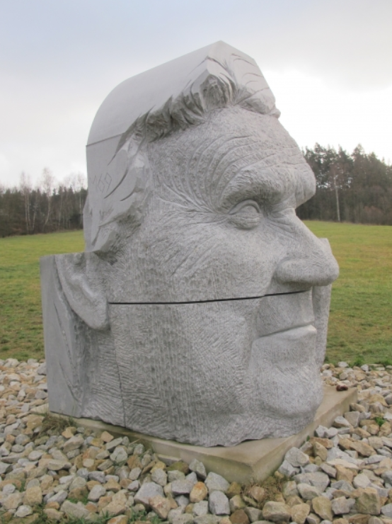 Téměř tři metry vysoká a 18 tun těžká žulová hlava stojí na zelené louce u křižovatky cest Lipnice nad Sázavou a Dolní Město.
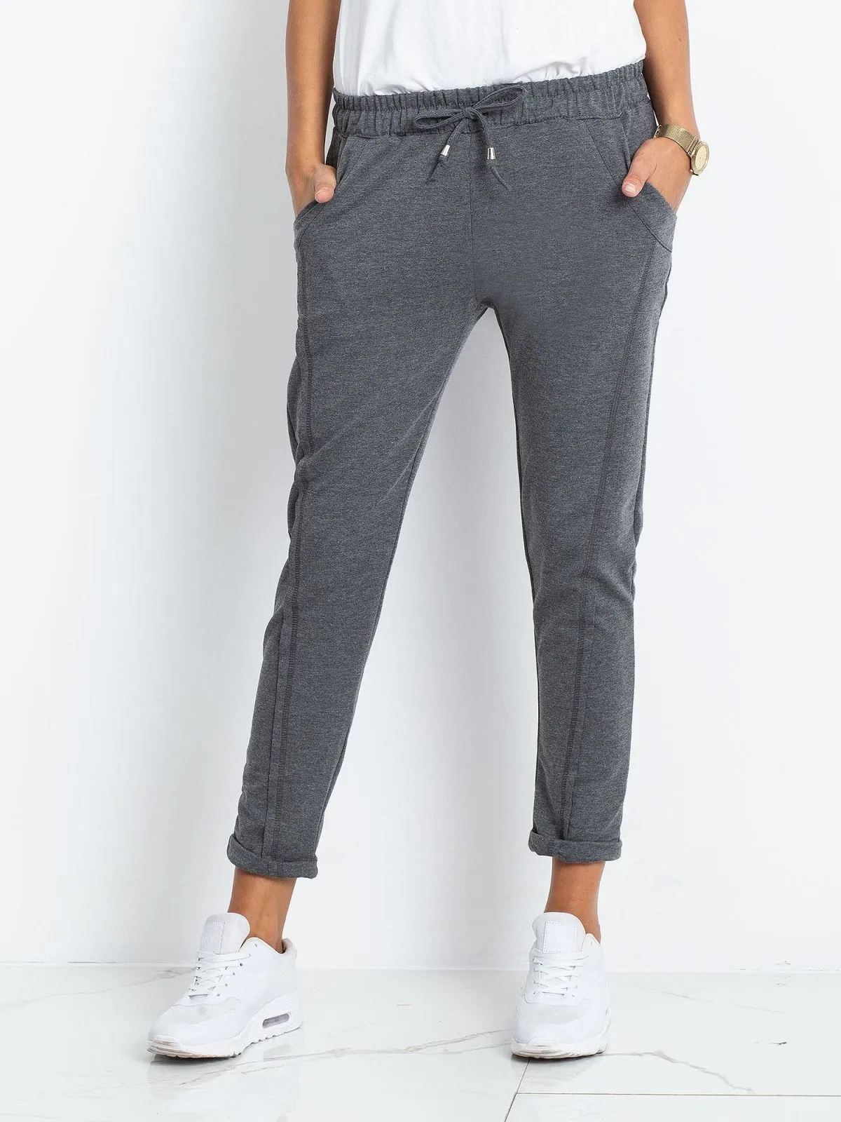 Pantaloni de trening gri inchis.
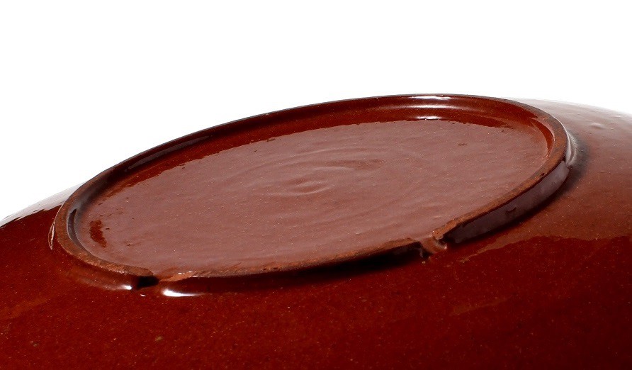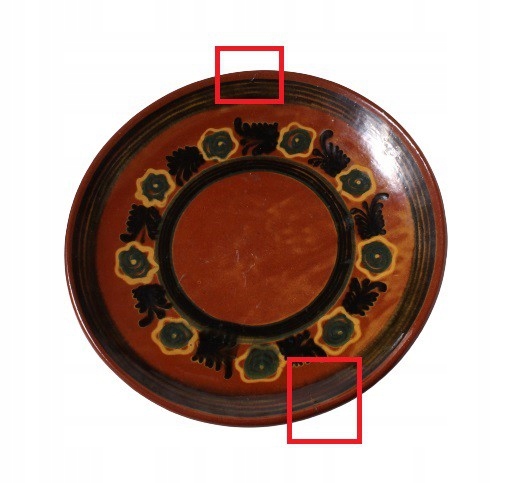 На глазури имеются функциональные царапины и несколько потертостей. Отверстия для струны сломаны - на фотографиях видны места потери керамической массы. Коричневый цвет поверхности местами бледнее. На стекле, идущем от верхнего края к центру, поверхностная трещина в глиняной массе около 3 см, созданная перед глазурованием, и короткая нитевидная бороздка около 1 см - так выглядит создан механически (также до глазурования).

YOUR OBJECTIVE
In the answer, all of the material should appear exactly as given, with no picture carried over.

RESPONSE TO THIS TASK
 Téměř tři metry vysoká a 18 tun těžká žulová hlava stojí na zelené louce u křižovatky cest Lipnice nad Sázavou a Dolní Město.
 Pantaloni de trening gri inchis.
 На глазури имеются функциональные царапины и несколько потертостей. Отверстия для струны сломаны - на фотографиях видны места потери керамической массы. Коричневый цвет поверхности местами бледнее. На стекле, идущем от верхнего края к центру, поверхностная трещина в глиняной массе около 3 см, созданная перед глазурованием, и короткая нитевидная бороздка около 1 см - так выглядит создан механически (также до глазурования).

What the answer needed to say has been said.